WORK REQUEST: Give back the full listing as written. No pictures go with it.

DATA EXTRACT:
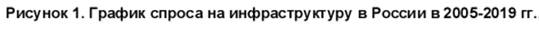 Исходя из полученных результатов и прогнозов макроэкономических показателей, был построен график спроса на инфраструктуру в 2005-2019 гг.[6]
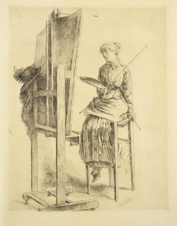 There are comparatively fewer women printmakers of this period, with a notable exception in Marie Bracquemond, who likely learned the technique from her husband Félix. A counterpoint to Marie’s own A woman artist at her easel, Félix’s etching La Terrasse depicts her at work at their home in Sèvres. Berthe Morisot also created a group of drypoints in 1889, including a delicate self-portrait drawing with her daughter Julie.
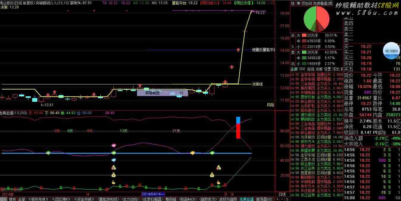 获利%:WINNER(CLOSE)*100,NODRAW,COLORWHITE;DRAWTEXT_FIX(获利%>=95 AND ISLASTBAR,0.97,0.97,0,'高危'),COLORRED;DRAWTEXT_FIX(获利%>=80 AND 获利%<95 AND ISLASTBAR,0.97,0.97,0,'风险'),COLORYELLOW;DRAWTEXT_FIX(获利%>=50 AND 获利%<80 AND ISLASTBAR,0.97,0.97,0,'安全'),COLORGREEN;DRAWTEXT_FIX(获利%<50 AND ISLASTBAR,0.97,0.97,0,'空头'),COLORBLUE;STICKLINE((C-REF(C,1))*100/REF(C,1)>=(10-0.01*100/REF(C,1)),OPEN,CLOSE,3,0),COLOR0055FF;STICKLINE((REF(C,1)-C)*100/REF(C,1)>=(10-0.01*100/REF(C,1)),OPEN,CLOSE,3,0),COLOR00FF00;T1:=CONST(HHVBARS(V,N));T0:IF(CURRBARSCOUNT<=N+3,CONST(IF(T1=0,C,REF(C,T1))),DRAWNULL),COLORFF00FF;IF(CURRBARSCOUNT=T1+1,T0,DRAWNULL),CIRCLEDOT,COLORFF00FF;DRAWTEXT(ISLASTBAR,T0,' 量能平台'),COLORCC00CC;Q1:=CONST(REF(HHVBARS(V,M),T1+1)+T1+1);Q0:IF(CURRBARSCOUNT<=T1+M+3 AND CURRBARSCOUNT>=T1+1,CONST(REF(C,Q1)),DRAWNULL),COLOR009900;IF(CURRBARSCOUNT=Q1+1,Q0,DRAWNULL),CIRCLEDOT,COLOR00CC00;M1:=CONST(LLVBARS(V,M));M0:IF(CURRBARSCOUNT<=M+7,CONST(IF(M1=0,O,REF(O,M1))),DRAWNULL); IF(CURRBARSCOUNT=M1+1,M0,DRAWNULL),CIRCLEDOT;DRAWTEXT(ISLASTBAR,M0,' 地量反量能平台'); HV:=HHV(V,8)=V OR V/REF(V,1)>=2;n,m=10FT:=BARSLAST(HV);量能平台:IF(HV,C,REF(C,FT)),COLORYELLOW,LINETHICK2;DP:=IF(C=INDEXC,0,1);GJ:=AMOUNT/V/100;【明日阻力】:L+(GJ-L)+(C-L),COLORRED,NODRAW;【明日支撑】:L+(C-GJ),NODRAW;年:=YEAR,NODRAW;月:=MONTH,NODRAW;星期:=WEEKDAY,NODRAW;日1:=DATETODAY(DATE);上市日:=REF(DATE,TOTALBARSCOUNT-CURRBARSCOUNT);自然日:=日1-DATETODAY(上市日)+1;ZB:=(自然日-REF(自然日,1))!=星期-REF(星期,1)OR TOTALBARSCOUNT-CURRBARSCOUNT=0;本周第几天:=BARSLAST(ZB)+1;本月第几天:=BARSLAST(年*100+月!=REF(年*100+月,1))+1;MA1:=REF(C,本周第几天);MA2:=REF(MA1,本周第几天);MA3:=REF(MA2,本周第几天);MA4:=REF(MA3,本周第几天);MA5:=REF(MA4,本周第几天);MA6:=REF(MA5,本周第几天);MA7:=REF(MA6,本周第几天);MA8:=REF(MA7,本周第几天);MA9:=REF(MA8,本周第几天);十周价:=(C+MA1+MA2+MA3+MA4+MA5+MA6+MA7+MA8+MA9)/10;决策:REFDATE(十周价,DATE),COLORYELLOW,LINETHICK1;DRAWTEXT(ISLASTBAR,决策,' 决策线'),COLORYELLOW;DRAWICON(C>量能平台,H,1);

RESPONSE BELOW:
 Исходя из полученных результатов и прогнозов макроэкономических показателей, был построен график спроса на инфраструктуру в 2005-2019 гг.[6]
 There are comparatively fewer women printmakers of this period, with a notable exception in Marie Bracquemond, who likely learned the technique from her husband Félix. A counterpoint to Marie’s own A woman artist at her easel, Félix’s etching La Terrasse depicts her at work at their home in Sèvres. Berthe Morisot also created a group of drypoints in 1889, including a delicate self-portrait drawing with her daughter Julie.
 获利%:WINNER(CLOSE)*100,NODRAW,COLORWHITE;DRAWTEXT_FIX(获利%>=95 AND ISLASTBAR,0.97,0.97,0,'高危'),COLORRED;DRAWTEXT_FIX(获利%>=80 AND 获利%<95 AND ISLASTBAR,0.97,0.97,0,'风险'),COLORYELLOW;DRAWTEXT_FIX(获利%>=50 AND 获利%<80 AND ISLASTBAR,0.97,0.97,0,'安全'),COLORGREEN;DRAWTEXT_FIX(获利%<50 AND ISLASTBAR,0.97,0.97,0,'空头'),COLORBLUE;STICKLINE((C-REF(C,1))*100/REF(C,1)>=(10-0.01*100/REF(C,1)),OPEN,CLOSE,3,0),COLOR0055FF;STICKLINE((REF(C,1)-C)*100/REF(C,1)>=(10-0.01*100/REF(C,1)),OPEN,CLOSE,3,0),COLOR00FF00;T1:=CONST(HHVBARS(V,N));T0:IF(CURRBARSCOUNT<=N+3,CONST(IF(T1=0,C,REF(C,T1))),DRAWNULL),COLORFF00FF;IF(CURRBARSCOUNT=T1+1,T0,DRAWNULL),CIRCLEDOT,COLORFF00FF;DRAWTEXT(ISLASTBAR,T0,' 量能平台'),COLORCC00CC;Q1:=CONST(REF(HHVBARS(V,M),T1+1)+T1+1);Q0:IF(CURRBARSCOUNT<=T1+M+3 AND CURRBARSCOUNT>=T1+1,CONST(REF(C,Q1)),DRAWNULL),COLOR009900;IF(CURRBARSCOUNT=Q1+1,Q0,DRAWNULL),CIRCLEDOT,COLOR00CC00;M1:=CONST(LLVBARS(V,M));M0:IF(CURRBARSCOUNT<=M+7,CONST(IF(M1=0,O,REF(O,M1))),DRAWNULL); IF(CURRBARSCOUNT=M1+1,M0,DRAWNULL),CIRCLEDOT;DRAWTEXT(ISLASTBAR,M0,' 地量反量能平台'); HV:=HHV(V,8)=V OR V/REF(V,1)>=2;n,m=10FT:=BARSLAST(HV);量能平台:IF(HV,C,REF(C,FT)),COLORYELLOW,LINETHICK2;DP:=IF(C=INDEXC,0,1);GJ:=AMOUNT/V/100;【明日阻力】:L+(GJ-L)+(C-L),COLORRED,NODRAW;【明日支撑】:L+(C-GJ),NODRAW;年:=YEAR,NODRAW;月:=MONTH,NODRAW;星期:=WEEKDAY,NODRAW;日1:=DATETODAY(DATE);上市日:=REF(DATE,TOTALBARSCOUNT-CURRBARSCOUNT);自然日:=日1-DATETODAY(上市日)+1;ZB:=(自然日-REF(自然日,1))!=星期-REF(星期,1)OR TOTALBARSCOUNT-CURRBARSCOUNT=0;本周第几天:=BARSLAST(ZB)+1;本月第几天:=BARSLAST(年*100+月!=REF(年*100+月,1))+1;MA1:=REF(C,本周第几天);MA2:=REF(MA1,本周第几天);MA3:=REF(MA2,本周第几天);MA4:=REF(MA3,本周第几天);MA5:=REF(MA4,本周第几天);MA6:=REF(MA5,本周第几天);MA7:=REF(MA6,本周第几天);MA8:=REF(MA7,本周第几天);MA9:=REF(MA8,本周第几天);十周价:=(C+MA1+MA2+MA3+MA4+MA5+MA6+MA7+MA8+MA9)/10;决策:REFDATE(十周价,DATE),COLORYELLOW,LINETHICK1;DRAWTEXT(ISLASTBAR,决策,' 决策线'),COLORYELLOW;DRAWICON(C>量能平台,H,1);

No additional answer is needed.